Modeling non-linear functions with linear approxmations

model a piecewise function

Lets say we have a piecewise defined function defined as follows:

$$f(x) = \begin{cases} 10x \text{ if } 0 \leq x \leq 1 \\ 2x + 8 \text{ if } 0 \leq x \leq 1 \end{cases}$$

where $0 \leq x \leq 2\\$

We can create two binary variables $b_{1}$ and $b_{2}$ which will track which segment of the piecewise function we are currently in. We also need to create two new continuous variables $x_{1}$ and $x_{2}$ to serve as the $x$ variable inside each segment. i.e.,

$$x_{i} = \begin{cases} 0 \text{ if } x_{i} \text{ in interval } i \\ 0 \text{ otherwise} \end{cases} $$

$f$ becomes:

$$f(x) = 10x_{1} - 2x_{2} + 8b_{2}$$

subject to: $$ 0*b_{1} \leq x_{1} \leq 1b_{1} \\ 1b_{2} \leq x_{1} \leq 2b_{2} \\ b_{1} + b_{2} = 1 \\ x = x_{1}+x_{2}$$

If we can model a piecewise function, we can approximate a ton of curvy functions at the cost of lots of new binary and continuous variables.

Fixed costs

The simplest application of the above that is very immediately useful is in modeling fixed costs.

Lets revisit factory routing problem from earlier. Recall that we were trying to select lanes to minimize the lane costs. Our data had the cost per unit shipped for each lane.

$$f(Lanes) = \sum_{o,d \in Lanes} qty_{o,d}*cost_{o,d} $$

We can make the lane cost model a little close to reality. In reality the costs should probably decrease per unit shipped due to efficiencies in scaling, and shipping only a few units should be fairly expensive as we might still have to pay for a truck driver etc.

The cost of one lane:

$cost(x) = \text{initial_cost} + \text{cost_per_unit}*x$

The problem is we can't just sum the cost of every lane because that initial cost should only be counted when that lane is selected.
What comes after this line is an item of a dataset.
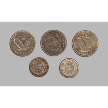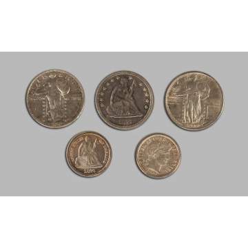 | 1920 Standing Liberty quarter. 1877 CC Seated Liberty quarter. 1917 I Standing Liberty quarter. 1876 Seated Liberty dime. 1892 Barber dime. |

We can use a binary variable $b_{o,d}$ to model if we select lane $o,d$

$cost(x) = \text{initial_cost}b + \text{cost_per_unit}*x$

but we need to make sure that if we don't select this lane, then the $x$ is 0. If we place a reasonable bound on $x$ then we can write: $x \leq b*M$.

Our new modifications:

new variables: $$b_{o,d} = \begin{cases} 1 \text{ if lane o,d is selected} \\ 0 \text{otherwise} \end{cases} \: \forall o,b \in \: Lanes$$

new constraints $$qty_{o,d} \leq b_{o,d}M \: \forall o,b \in \: Lanes$$

and the cost function $$f(Lanes) = \sum_{o,d \in Lanes} \text{initial_cost}_{o,d}b_{o,d} + qty_{o,d}*cost_{o,d} $$

We still need to decide what M should be. In this example, M should really be the maximum amount of goods a single truck can carry. But then we would be limiting the solution to only ever using one truck per lane. Instead, we can set M to be the maximum amount a truck can carry and modify $b$!. Instead of being a binary variable to turn on and off the lane, we can make $b$ count the number of trucks we use ie 0, 1, 2, 3 etc.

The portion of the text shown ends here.